Secondo l'Ocse
I manager pubblici italiani i più pagati al mondo
Mentre il popolo fa la fame

Il rapporto “Government at a Glance” pubblicato a novembre dall’Ocse ha accertato che i manager pubblici italiani guadagnano più di tutti, circa tre volte in più della media mondiale, l’esorbitante cifra di circa 650.000 dollari di stipendio medio annuale.
Prendendo in esame i singoli settori della pubblica amministrazione, risulta che i dirigenti di prima fascia dei sei ministeri presi in esame (Economia, Interni, Giustizia, Istruzione, Salute e Ambiente) nel 2011 guadagnavano in media 482 mila euro al cambio attuale, più di chiunque altro nel mondo in posizioni analoghe e quasi tre volte più della media dei 34 Paesi Ocse, che si ferma a 232.000 dollari, pari a 172.000 euro circa.
Sempre per ciò che riguarda la prima fascia, al secondo posto si piazzano i dirigenti neozelandesi, i quali però con i loro 397.000 dollari l’anno sono nettamente staccati da quelli italiani, e a maggior ragione lo sono quelli britannici con 348.000 dollari l’anno, quelli statunitensi che ne guadagnano 275.000, ed infine si qualificano quelli francesi con 260.000 dollari e quelli tedeschi con 231.000. Considerando che il precedente governo Monti ha introdotto il tetto sulle retribuzioni che oggi non possono superare, tutto compreso, i 302 mila euro l’anno (lo stipendio del primo presidente della Corte di Cassazione), tale stipendio risulta comunque il più alto del mondo, visto che si corrisponde a 408.000 dollari.
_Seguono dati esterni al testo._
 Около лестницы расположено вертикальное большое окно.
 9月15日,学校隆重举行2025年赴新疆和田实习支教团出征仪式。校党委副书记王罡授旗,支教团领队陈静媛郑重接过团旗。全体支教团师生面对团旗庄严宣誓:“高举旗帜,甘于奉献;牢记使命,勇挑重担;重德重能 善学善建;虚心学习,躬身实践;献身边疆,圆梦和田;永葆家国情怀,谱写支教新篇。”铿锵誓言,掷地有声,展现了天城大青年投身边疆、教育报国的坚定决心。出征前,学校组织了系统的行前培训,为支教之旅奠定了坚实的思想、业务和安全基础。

Anche i dirigenti italiani di seconda fascia sono strapagati, con 176.000 dollari l’anno (ovvero 130.000 euro circa) contro i 126.000 della media Ocse, mentre dopo la dirigenza di seconda fascia, c’è un vero e proprio tracollo, dal momento che i funzionari di qualifica inferiore alla seconda fascia risultano sottopagati rispetto ai loro omologhi stranieri con 69.000 dollari l’anno (51.100 euro circa) contro 90.000 della media Ocse.
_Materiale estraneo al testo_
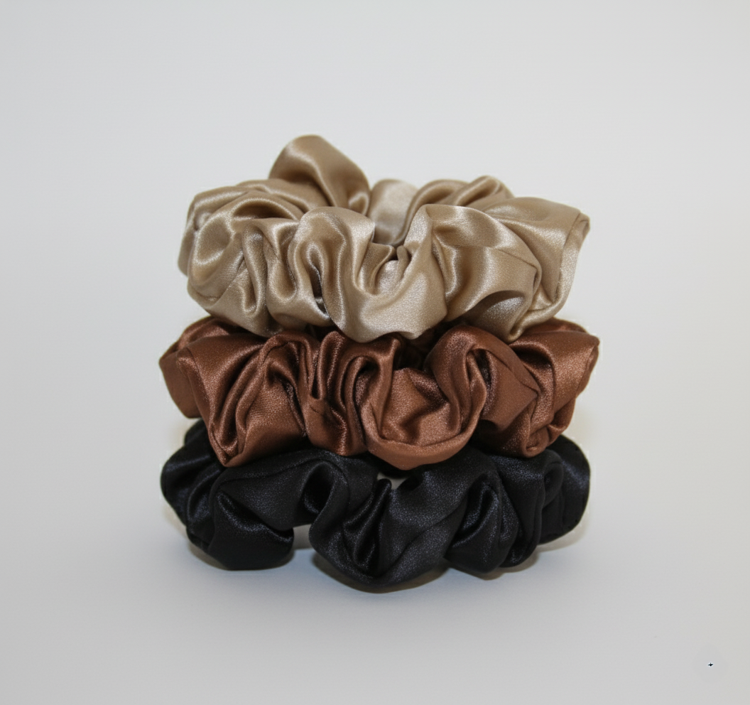 Unlike ordinary hair ties that tug, crease, and cause breakage, our scrunchies are made from 100% pure 6A mulberry silk — the highest grade available. The smooth silk fibres glide over your hair, reducing friction, frizz, and snapping while helping maintain your hair’s natural shine. Designed for daily wear, they offer a gentle, secure hold without the damage.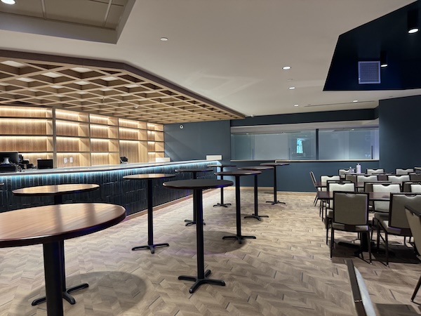最大で50名ほど収容できるガラス張りの個室ダイニングスペースもあり、室内のスクリーンは会場の大型LEDスクリーンと連動することができる。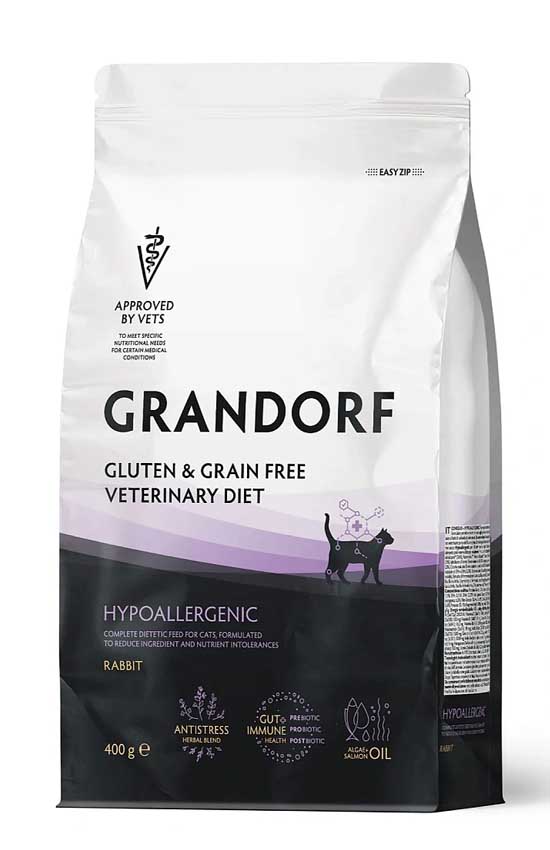 Grandorf Vet Cat Hypoallergenic (Кролик) — полнорационный диетический корм для кошек, применяемый при пищевой аллергии или пищевой непереносимости.

Ciò che risulta chiaramente è un’enorme sproporzione di retribuzioni all’interno della dirigenza pubblica italiana, ben maggiore che nelle altre realtà prese in considerazione
Eppure, a tali astronomici stipendi non corrisponde certamente competenza ed efficienza. Infatti sempre l’Ocse rileva che nel rapporto comparativo sui governi e le pubbliche amministrazioni dei Paesi membri in Italia sono superiori alla media le spese nei servizi pubblici generali (17,3% contro 13,6%) mentre risultano inferiori alla media le spese in educazione (8,5% contro 12,5%): insomma, l’Italia spende parecchio di più degli altri Stati Ocse per mantenere l'alta burocrazia che risulta peraltro molto meno efficiente rispetto alla media degli altri Paesi nell’erogazione dei servizi alla cittadinanza, scopo ultimo della pubblica amministrazione.
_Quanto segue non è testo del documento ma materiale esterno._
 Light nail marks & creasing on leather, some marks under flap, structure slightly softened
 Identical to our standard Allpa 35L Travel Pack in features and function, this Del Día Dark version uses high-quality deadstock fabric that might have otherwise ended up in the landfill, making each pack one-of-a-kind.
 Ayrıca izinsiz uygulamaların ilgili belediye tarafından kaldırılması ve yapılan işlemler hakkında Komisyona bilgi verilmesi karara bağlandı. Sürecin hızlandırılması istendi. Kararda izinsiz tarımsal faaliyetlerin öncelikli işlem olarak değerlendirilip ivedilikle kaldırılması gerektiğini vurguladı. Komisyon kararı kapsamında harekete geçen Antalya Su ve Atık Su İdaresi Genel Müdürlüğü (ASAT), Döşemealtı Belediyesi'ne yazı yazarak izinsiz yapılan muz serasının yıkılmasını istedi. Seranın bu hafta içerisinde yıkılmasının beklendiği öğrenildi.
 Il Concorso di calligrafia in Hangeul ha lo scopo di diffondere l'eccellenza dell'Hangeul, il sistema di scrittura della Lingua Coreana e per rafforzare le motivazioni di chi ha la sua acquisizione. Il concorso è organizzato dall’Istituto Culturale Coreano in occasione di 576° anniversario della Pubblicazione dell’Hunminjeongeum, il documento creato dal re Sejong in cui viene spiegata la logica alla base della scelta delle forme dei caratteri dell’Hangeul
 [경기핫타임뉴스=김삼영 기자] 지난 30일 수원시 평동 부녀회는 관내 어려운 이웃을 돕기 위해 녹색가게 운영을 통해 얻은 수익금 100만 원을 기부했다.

Emblematico è il caso del settore della giustizia, tenendo conto peraltro che l’Italia vanta negli studi scientifici del diritto una tradizione che non ha eguali al mondo: eppure essa è tra i Paesi membri dell’Ocse che lamentano la maggiore lentezza dei processi e dove per le masse popolari è più difficile avere accesso alla giustizia civile (va peggio solo in Messico e Turchia), e questo - va chiaramente detto - non certo per l’impreparazione dei tecnici del diritto, ma per l’assoluta inefficienza degli uffici e delle strutture istituzionali cui sono preposti quei manager strapagati descritti prima. Lo stesso del resto si può dire per ciò che riguarda la conservazione e la tutela dei beni culturali dove, a fronte dei più qualificati restauratori, archeologi ed esperti d’arte a livello mondiale, una dirigenza tanto strapagata quanto inefficiente è capace di compiere quei disastri che sono sotto gli occhi di tutti.
Tali record nei livelli stipendiali degli alti burocrati statali borghesi italiani sono tanto più scandalosi se li paragoniamo agli stipendi da fame che percepiscono gli operai e la stragrande maggioranza dei lavoratori del pubblico impiego che si vedono peraltro bloccati dal governo Letta-Alfano i rinnovi contrattuali fino a tutto il 2014 e cancellata l'indennità di vacanza contrattuale per il biennio 2013-'14: una perdita secca media di 600 euro a testa, mentre negli ultimi tre anni sono costati complessivamente ai dipendenti 7 miliardi a cui se ne potrebbero aggiungere altri 7 se fino al 2017 non sarà corrisposto loro altro che la vacanza contrattuale.